When they saw her through the window they must have recognised the expression of an unwilling Apple Blossom, a potential runner. One of them went around the side of the house. She heard him say, "She's getting away."


They chased her through the fields. The long dress was slowing her down, and the lute wasn't exactly helping either. When she came to a pond she noticed that there was only one boat tied to a small pier. She climbed into this and she rowed to the centre of the pond, where the Apple Committee couldn't reach her. But they paid some kids to borrow a raft, and two of them used pieces of timber as paddles to make their way towards her.


They might have caught her if one of them hadn't remembered that he was afraid of water when it came in large quantities. He started shaking, and so did the raft. The two committee members fell into the water. Isobel felt that she had a duty to rescue them. She rowed to where they were splashing about in the water and she helped them into the boat. The cudgel was still floating in the water. They insisted that she retrieve this, but she rowed back to the pier. On the way she tried to start a conversation with the man who had started shaking. She said, "What international soccer team are you managing these days?" He didn't respond.


After they had returned to dry land, the head of the committee said, "We'll get the cudgel. If necessary we'll use the backup cudgel, and we'll track you down eventually. There's no getting out of it."


"Ye only have another two days to track me down. I know of some very comfortable holes I could hide in for two days and ye'd never find me."


They looked concerned, and she knew she'd won.


"Ye'll have to get someone else," she said. "Ye're focussing too much on finding someone who doesn't shake. Ye should be looking for someone who actually wants the role. Not everyone is going to be distracted by her duties to a South American soccer team. What ye need is someone who'll devote all of her attentions to the role."


"I suppose we should go and get our binoculars and our cameras," the head of the committee said.


"Ye don't need to spy on anyone," Isobel said. "Talk to women." They seemed very dubious about this idea, but she persisted. "Ask them questions like 'Do you want to be the Apple Blossom?', or 'Do you have a job in international sport that could impair your ability to satisfactorily perform your duties as Apple Blossom?'."
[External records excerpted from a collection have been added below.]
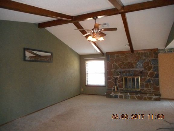 Here is the 4 bedroom, 2 bath home in Richmond School District that you have been waiting for! Large, vaulted ceiling living area with rock fireplace, partially updated kitchen, huge master with great walk-in closet & a split bedroom arrangement too! Outside is a covered patio, storm shelter & a great storage building as well. This is a great family home in a great area with a community Swimming pool!
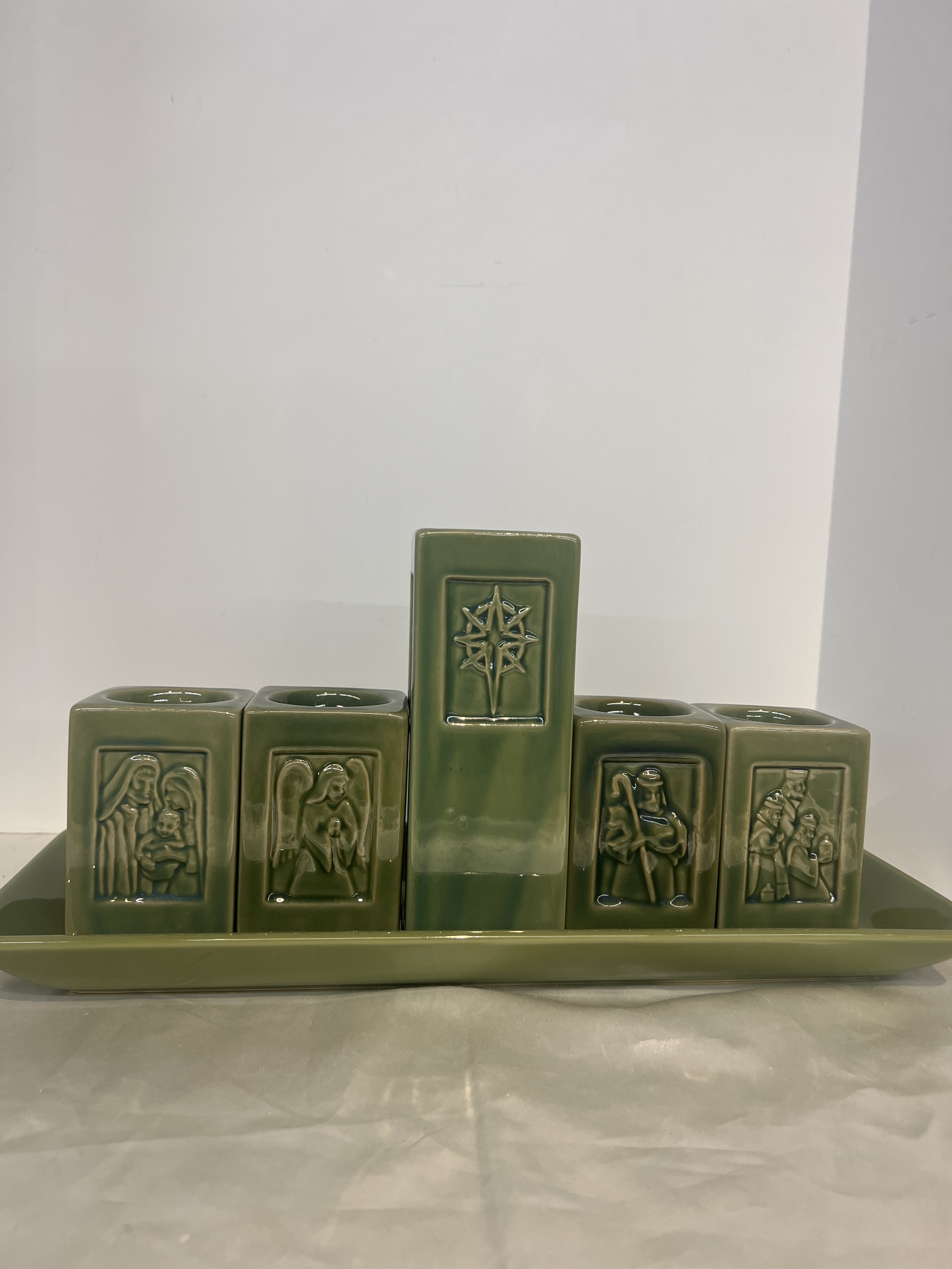 Decor XMas Seasonal 16x8H Green Ceramic Nativity
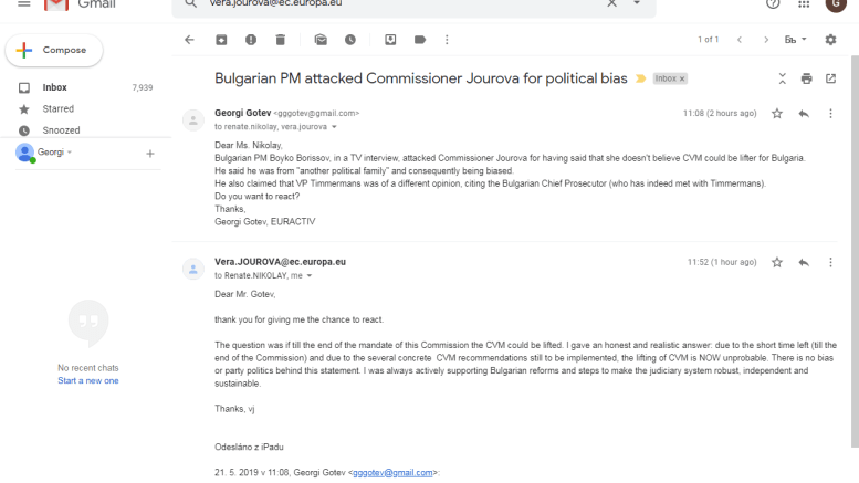 I learned about this interview by Borissov only today (I was in Central Asia last week). I sent an email to the chief of cabinet of Jourová, and one hour later, I got an answer from Jourová herself, which she wrote from her Ipad.

They agreed to try her approach, after she had promised to help them. They began the interviews that evening. She asked most of the questions, and it only took them a few hours to find the ideal candidate. Janet was chosen to fill the role, and she went on to be one of the best Apple Blossoms ever. Her shaking was barely noticeable, but her enthusiasm for apples was there for all to see. Her skill with the cudgel could make the crowd gasp in astonishment.


The moose's head over the fireplace has stopped wearing his antler warmers. He didn't really need them during the cold weather, but they looked good. They were made by one of our neighbours, Rose. She's used to making strange items of clothing. She spends a lot of time making pyjamas for salmon. She still hasn't managed to convince salmon to wear them. She puts them on salmon mannequins and she displays them on the river bank, but the fish have shown little interest so far.